- Born: 16 April 1934 Jamaica
- Died: 7 May 2006 Brixton, London, England, UK
- Known for: Artist and proprietor of LGBT+ bar

= Pearl Alcock =

Jamaican artist and business woman (1934–2006)

Pearl Alcock (16 April 1934, Jamaica – 7 May 2006, London, England) was a club owner and artist, best known as a British outsider artist.

==Life and work==
Alcock moved to the UK from Jamaica at the age of 25, abandoning her marriage in Jamaica.

=== The shop, the bar and the cafe on Railton Road ===
First finding work as a maid in Leeds, by the 1970s she had opened a dress shop at 103 Railton Road in Brixton, London, and underneath it created an illegal shebeen, popular with the local gay community. She herself was known to be bisexual. After the first Brixton uprising reduced the numbers of customers to her shop, she shut it down and opened a cafe at 105 Railton Road. The 1985 Brixton uprising brought more financial hardship, culminating with a period when the cafe was run by candlelight after the electricity was shut off.

=== Art career ===
Alcock's journey with art began when she was unable to afford to buy a birthday card for a friend so she drew one herself.
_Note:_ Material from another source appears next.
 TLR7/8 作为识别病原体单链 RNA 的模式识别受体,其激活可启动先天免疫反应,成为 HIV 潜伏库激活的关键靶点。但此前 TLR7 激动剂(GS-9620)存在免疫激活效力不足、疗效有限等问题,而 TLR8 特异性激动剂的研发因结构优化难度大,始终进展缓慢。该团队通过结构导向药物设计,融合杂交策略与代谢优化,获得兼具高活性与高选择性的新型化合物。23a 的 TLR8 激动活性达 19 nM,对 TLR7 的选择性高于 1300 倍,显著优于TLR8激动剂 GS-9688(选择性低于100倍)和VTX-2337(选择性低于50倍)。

Alcock described this realization of her knack for drawing:
I went mad scribbling on anything I laid my hands on [...] friends admired what I had done and began to bring me materials to use; that is how I started.
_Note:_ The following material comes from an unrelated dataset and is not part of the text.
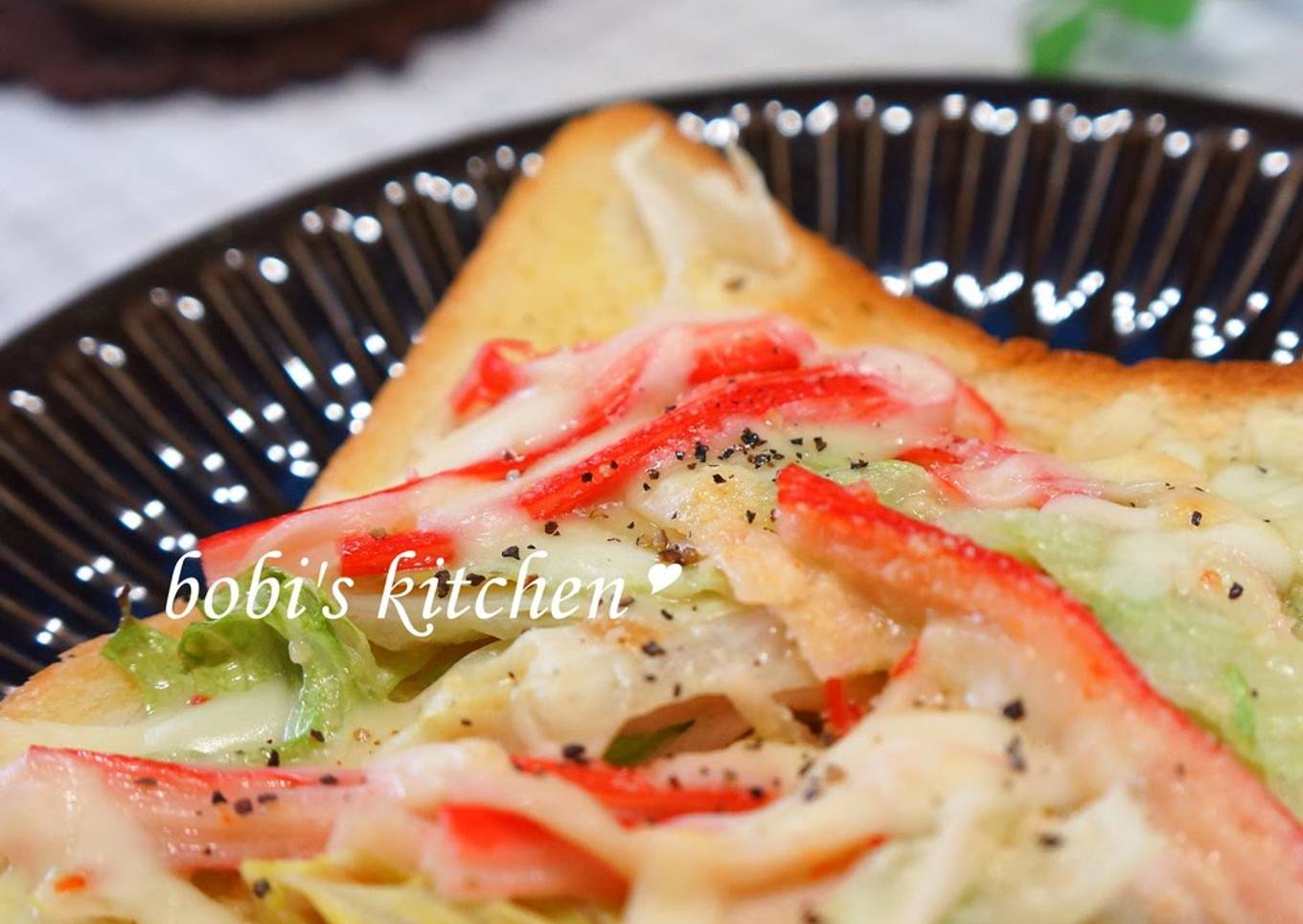 I had leftover lettuce and crab stick salad, so I used it to make toast.

By the late 1980s, she was receiving more recognition, her art being exhibited at the 198 Gallery, the Almeida Theatre and the Bloomsbury Theatre. Then, in 1990, her work was included in the London Fire Brigade calendar.

Monika Kinley, one of the country's leading advocates of Outsider Art, describes her as "a visual poet". Alcock gained mainstream recognition a year before her death when, in 2005, her work was included in Tate Britain's first exhibition of art shown under the term Outsider Art.
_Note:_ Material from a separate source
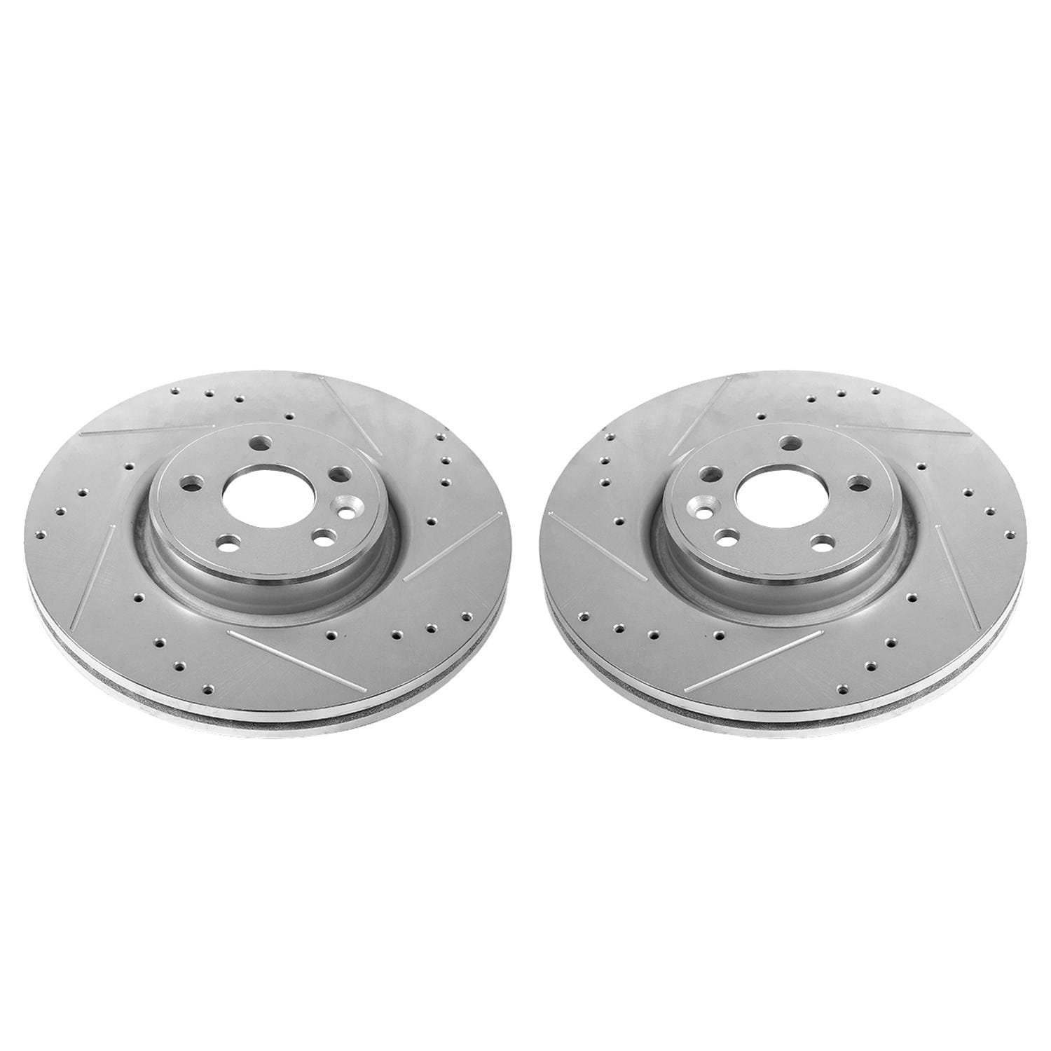 Power Stop drilled and slotted rotors provide a bolt-on upgrade for improved brake cooling and performance. Precision cross-drilled for maximum cooling and maximum performance during extreme conditions; rounded slots sweep away gasses, dust, and moisture to keep a clean friction contact patch on the rotor surface. Silver zinc dichromate plating resists rust and corrosion. With a direct OE fit, there are no special modifications needed.

In 2019, she was the subject of the retrospective at the Whitworth Art Gallery, Manchester. In 2022, she received a retrospective exhibition, Coming Home - A Retrospective of the work of Pearl Alcock, at 198 Gallery in Brixton.

Following her solo retrospective in 2019, Alcock's work was included in (Un)Defining Queer at the Whitworth Art Gallery, Manchester in 2023.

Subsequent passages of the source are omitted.